Deutsche Wirtschaft fordert Kurswechsel von Bundesregierung

Die Präsidenten und Vorsitzenden der führenden Arbeitgeber- und Wirtschaftsverbände appellieren gemeinsam mit der Initiative Neue Soziale Marktwirtschaft (INSM) an die Bundesregierung: „Wir fordern die Bundesregierung auf, Investitionsbremsen zu lösen und endlich wieder Politik für nachhaltiges Wachstum zu machen.“

20. April 2015

Pressemeldung als Download zum Deutschland-Prinzip Anzeigen der INSM

Deutschland geht es gut. Aber die aktuelle Wirtschaftslage darf niemanden darüber hinwegtäuschen, dass wir vor enormen Herausforderungen stehen. Die Politik müsste jetzt aus der Situation der Stärke heraus handeln, um die Zukunft unseres Landes zu sichern. Stattdessen erleben wir jedoch eine Politik der Umverteilung und Regulierung, die kein Wachstum schafft und Innovationen verhindert. Deshalb fordern die Spitzen der deutschen Wirtschaft die dringend notwendigen Weichenstellungen für den zukünftigen Erfolg Deutschlands:

„Investitionshemmnisse abbauen - Zusätzliche Arbeitsmarktregulierung stoppen.“
Rainer Dulger (Arbeitgeberverband Gesamtmetall)

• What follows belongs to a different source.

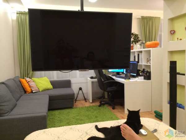 Только теперь мы убрали тумбу и повесили телевизор на поворотный кронштейн.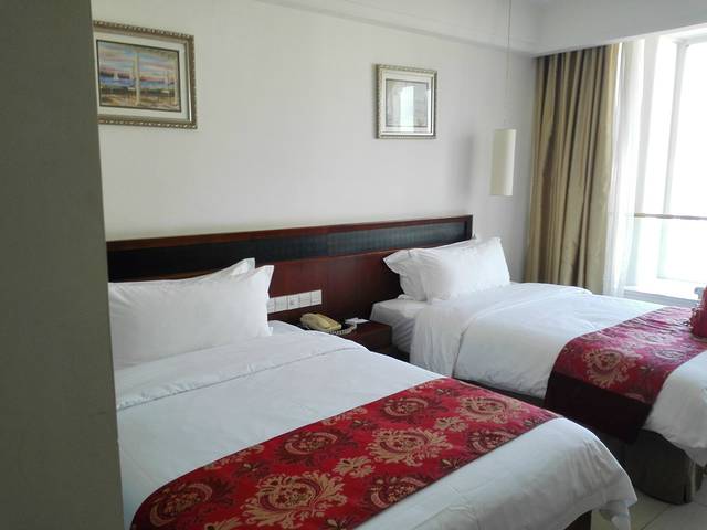 这家酒店地点就在解放路上,著名的第一市场就在对面,楼下就是公交车站,交通方便,地理位置极佳。在宝盛广场五楼是大堂,六到七层是客房。房间刚打开的时候有一股很大的味道,好在窗户够大,打开通风后我们去第一市场觅食,等回来时基本没有什么了。酒店按四星级收调节金,一人9元。晚上就到楼下坐公交车去旺豪超市,买了一堆的伴手礼,想想后面四天要带这么重的东西也是醉了。最后我们二人只能想到用快递搞回家,才能不影响后面的行程。快递是打的114转的圆通,宝盛海景的服务也很好,我们是把东西留在前台让快递小哥来取,自己第二天出门去玩,前台的美女很给力也很尽责,拿走快递前还打电话给我确认,真心赞。

„Deutschland ist das Land der Erfinder. Wir müssen alles tun, damit es so bleibt." 
Alfred Gaffal (vbw – Vereinigung der Bayerischen Wirtschaft)

„Klare Regeln – echte Chancen. Ein starkes TTIP für Deutschland“
Ulrich Grillo (BDI – Bundesverband der Deutschen Industrie)

„Freihandel macht den Mittelstand stark. Deshalb TTIP vereinbaren."
Arndt G. Kirchhoff (METALL NRW – Verband der Metall- und Elektro-Industrie Nordrhein-Westfalen und Präsident des IW Köln)

„Unser Erfolgsmodell: Ein Betrieb, ein Tarifvertrag. Deshalb: Tarifeinheit sichern.“
Ingo Kramer (BDA – Bundesvereinigung der Deutschen Arbeitgeberverbände)

„Innovationen brauchen mehr Freiraum und weniger Bürokratie.“
Margret Suckale (BAVC – Bundesarbeitgeberverband Chemie)

„Straßen und Schienen fit machen – Mobilität sichert Wohlstand.“
Matthias Wissmann (VDA – Verband der Automobilindustrie)

„Zu Ende gedachte Gesetze, statt Bürokratie-Irrsinn.“
Stefan Wolf (Südwestmetall – Verband der Metall- und Elektro-Industrie Baden-Württemberg)

Dabei sprechen die genannten Vertreter für 1 Million Unternehmen, die 20 Millionen Arbeitnehmer beschäftigen, und somit fast für die gesamte deutsche Privatwirtschaft. Ihre Forderungen orientieren sich am Deutschland-Prinzip. Dieses fasst die wichtigsten Erfolgsfaktoren unseres Landes in fünf grundlegenden Leitsätzen zusammen. Zentraler Erfolgsfaktor ist eine starke Wirtschaft – eingebettet in den politischen Rahmen der Sozialen Marktwirtschaft und in eine Gesellschaft, die Innovationen fördert, Freiheit achtet, sich Europa und der Welt öffnet sowie Chancengerechtigkeit schafft. Eine gute Wirtschaftspolitik muss sich an diesen Faktoren ausrichten.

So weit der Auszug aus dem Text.